# Mikrofon hallt ein wenig nach in Discord und Teamspeak



## Swiggle (8. September 2017)

Hallo Leute,  
habe ein Renkforce ST-60 USB an der Creative G5 angesteckt. Das Mikro steht vor mir auf dem Tisch mit einem Popschutz. Ein Schwenkarm ist noch nicht vorhanden momentan. Im Discord und Teamspeak habe ich nun das 'Problem' das es etwas hallt und man eben die Tasten der Tastatur hört.

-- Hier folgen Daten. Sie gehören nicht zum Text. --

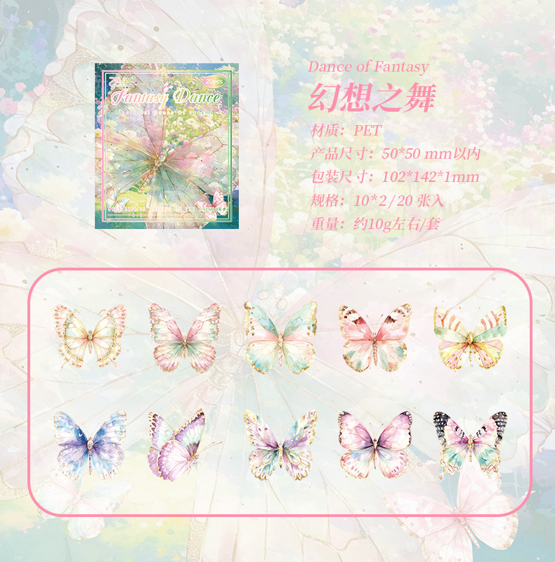 | Color | 1 sueño rosa, 2 baile de fantasía, 3 sombra de baile de mariposa roja, 4 mariposa azul de ensueño, 5 sueño de mariposa verde, 6 sombra de sueño púrpura |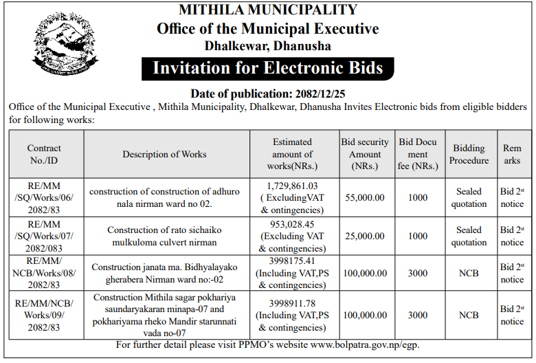 | 163 | Infrastructure Development Office, Dhanusha | Construction of Rajput Xetriya Samaj Bhawan , Janakpurdham-09, Dhanusha | 07/04/2026 | PPMO | 07/05/2026 | Click Here | |

Kann ich gegen den Hall irgendwas machen? Ich vermute das dieser halt durch mein Zimmer entsteht. 
Würde eine Armhalterung die Tastaturgeräusche vorbeugen oder wäre das auch nicht optimal?


Viele Grüße.


----------



## JackA (8. September 2017)

Akustikmatten


----------



## Swiggle (8. September 2017)

Reichen da günstige oder muss ich da auf was 'besonderes' achten?


----------



## DerKabelbinder (9. September 2017)

Wie hast du eigentlich ein Mic mit USB-Schnittstelle an einer Soundkarte angeschlossen? Doch nicht wohl per Klinke des Kopfhörer-Ausgangs? 

Ein Schwenkarm eignet sich zur Entkopplung von Körperschall. Zum Beispiel dann, wenn der Schreibtisch oft in Schwingung versetzt wird (Umherräumen von Gegenständen, harter Aufschlag an der Tastatur, mal mit der Armlehne drangestoßen etc.). Wenn du in deinen Aufnahmen schonmal ein dumpfes Rumepln wahrnehmen kannst, dann könnte ein besseres Stativ durchaus helfen.

Den Hall kannst du verringern, indem du zunächst einmal die Erstreflexionsflächen mit Absorbern behandelst. Am besten eignen sich hier Breitbandabsorber, welche nicht nur die hohen Frequenzen dämpfen. Mit einfachem Schaumstoff wird es schnell dumpf, weil Mittel- und Tiefton überhaupt nicht beinträchtigt werden. Im günstigen Eigenbau kann man mit Mineralwolle ganz gute Ergebnisse erzielen. Einfach mal nach "DIY Breitbandabsorber" oder "Superchunks" erkundigen. Da gibt es hunderte Anleitungen im Netz 

PS: Tastatur mit O-Ringen oder Landig-Pads ausstatten und auf der Unterseite mit ein paar Gummi-Füßen entkoppeln. Das wirkt wahre Wunder!


----------



## Swiggle (9. September 2017)

Doch klar, per Klinke ab in den Kopfhörer Ausgang  Nein, natürlich nicht. Ist ganz normal per USB an der Soundkarte. Aufschlag der Tastatur hört man tatsächlich, auch wenn ich mit der Maus man etwas fester aufs Mauspad komme, merkt man halt wenn man bei Shootern kurbeln muss und öfter absetzt. 
 Landing Pads sind leider nicht möglich, kann die Tasten an der Logitech G810 nicht abnehmen... O-Ringe ist dann wahrscheinlich auch schwer :b

Wegen den Absorbern schau ich mal, danke.


----------



## JackA (10. September 2017)

Das was die G5 bietet ist ja auch nur ein USB Port, die Soundkarte vom Mikro selbst steckt im Mikro, d.h. du könntest es auch einfach am PC-Mainboard anstecken.

Der Hall entsteht, weil dein Mikro zu weit vom Mund weg ist und eben durchs Zimmer (selten sitzt einer im Tonstudio).
Bei Youtubern siehst du viele Anleitungsvideos wie sie ihr Zimmer "pimpen" um weniger Hall zu haben.


----------



## Swiggle (10. September 2017)

Ah ok, danke für die Info. Habs jetzt einfach näher rangestellt und es ist schon deutlich besser.


----------